(Для меня, в силу профессиональных аберраций, в этой главе явственно различим ещё и тугой клубок гоголевских мотивов. И впервые, пожалуй, я вижу столь последовательное и точное попадание в эту традицию – не подражание фабульным поворотам, но именно концептуальную близость, переклички авторской онтологии и антропологии.)
В этом смысле весь эпизод с эльфийским кораблём словно бы проходит через двойное кодирование: гибель экипажа и пассажиров во льдах – это смерть внутри смерти, как сон во сне, погружение всё глубже, которое читатель самим актом чтения оказывается вынужден разделить с персонажами. И здесь дело не только в том, что спасение на эльфийском корабле в художественном мире Арды хотя и возможно, однако же никогда не является спасением для этого мира и этой жизни.

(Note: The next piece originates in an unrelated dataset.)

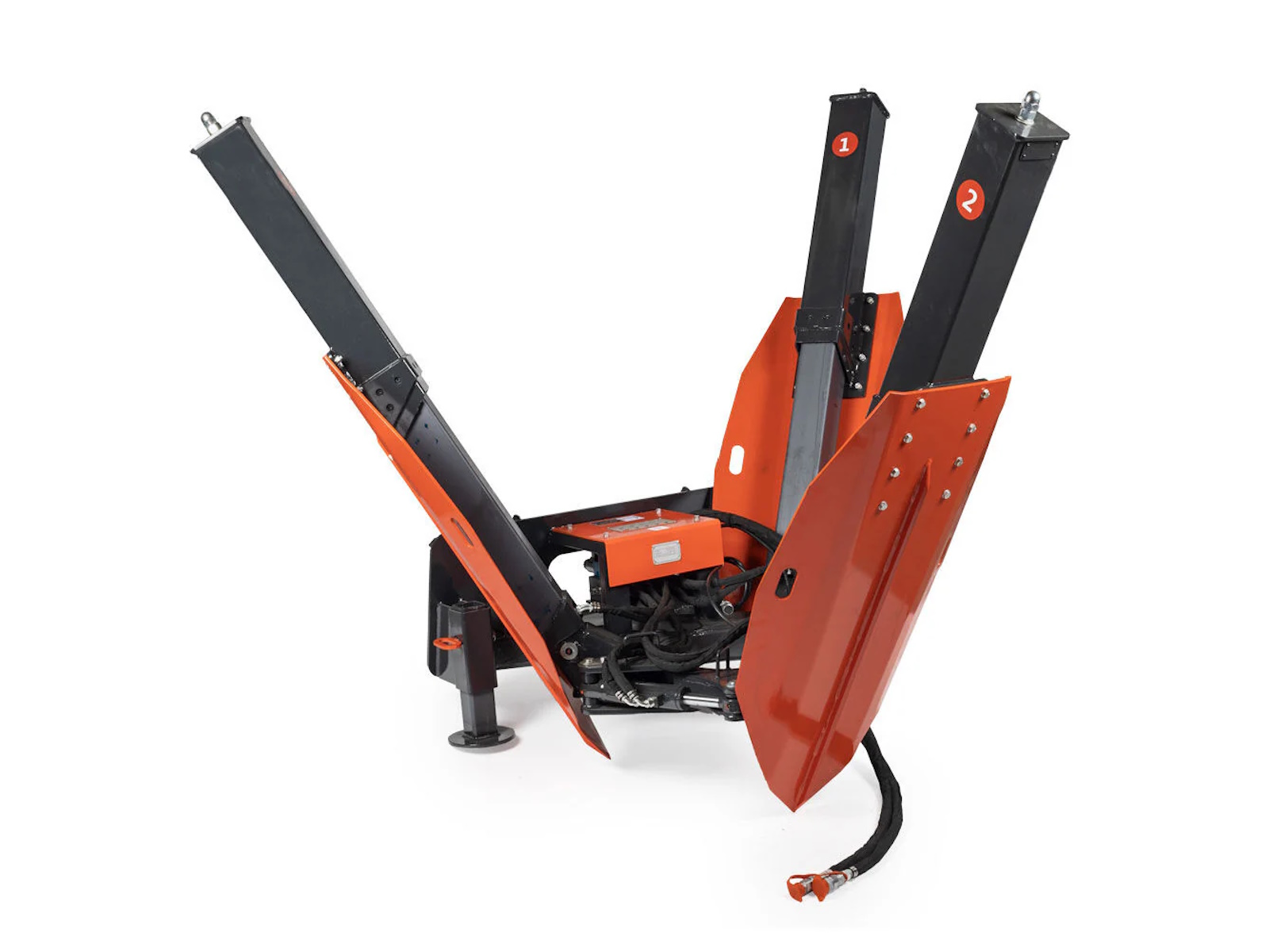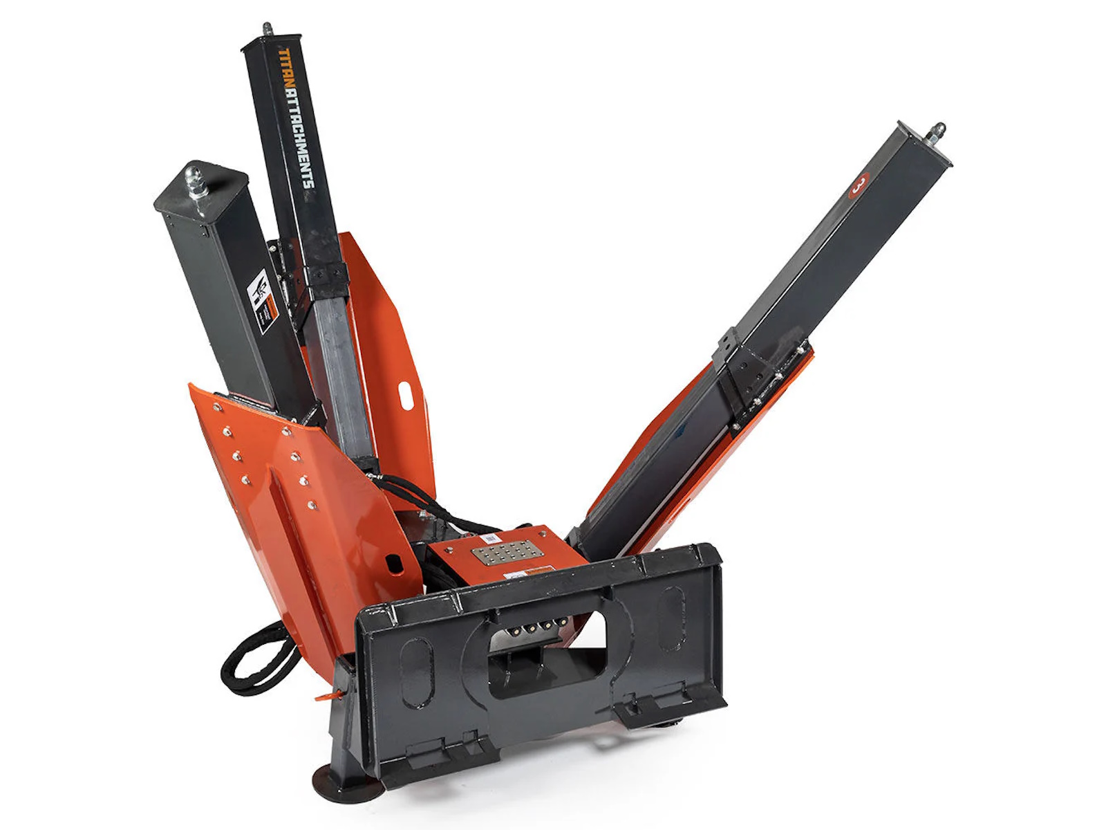 The Tree Spade attachment turns your skid steer loader into a rapid, labor-saving, transplanter used for lifting trees and shrubs directly from the ground. These three blade frames are built to intercept Evergreens with a trunk diameter of up to 4" with a root ball of 34" diameter and 29.4" digging depth. The Tree Spade comes standard with a Universal Skid Steer Quick Tach Mounting System and features four hydraulic cylinders, hoses, couplers, and a controller. Ideal for moving large foliage, shrubs, and more, the Tree Spade’s wide opening swing frame will accommodate large landscaping projects.

Если вспомнить, что в юнгианской системе архетипов уход под воду означает погружение в коллективное бессознательное, то «вторая гибель» Арведуи и Фириэли – это прежде всего их переход в область памяти, национальной и родовой. Такой уход «живьём» в легенду – своего рода косвенный подвиг, и закономерным образом этот уход влечёт за собой очередную победу над Королём-Чародеем, потратившим силы на уже недоступных ему врагов. Арведуи, таким образом, дважды обманывает Ангмарца, уводя его от истинной цели – сначала от Аранарта и остатков войск Арнора, затем от Ики и его народа, дерзновенно осмелившихся жить в небытии – иначе, чем «не-мёртвые» назгулы.
5. Гномы
Ещё одно неожиданное, но крайне удачное дополнение к миру Арды. Художественная вселенная Толкиена по отношению к этому народу пристрастна вплоть до агрессивности. Отделённость гномов от иных рас, их принципиальная закрытость и сосредоточенность на внутренних проблемах порождает рецептивный парадокс, согласно которому господствующая идеология провозглашает наугрим «лишним», чужеродным элементом. Мол, не больно-то и хотелось. Гномы несовместимы с другими народами по всем параметрам: от физиологических до культурно-мировоззренческих, – и досадная неспособность эльфийско-человеческой цивилизации эту несовместимость преодолеть выливается в легенду о творении Ауле, в одно и то же время насильно вписывающую наугрим в онтологию Арды и решительно отвергающую их.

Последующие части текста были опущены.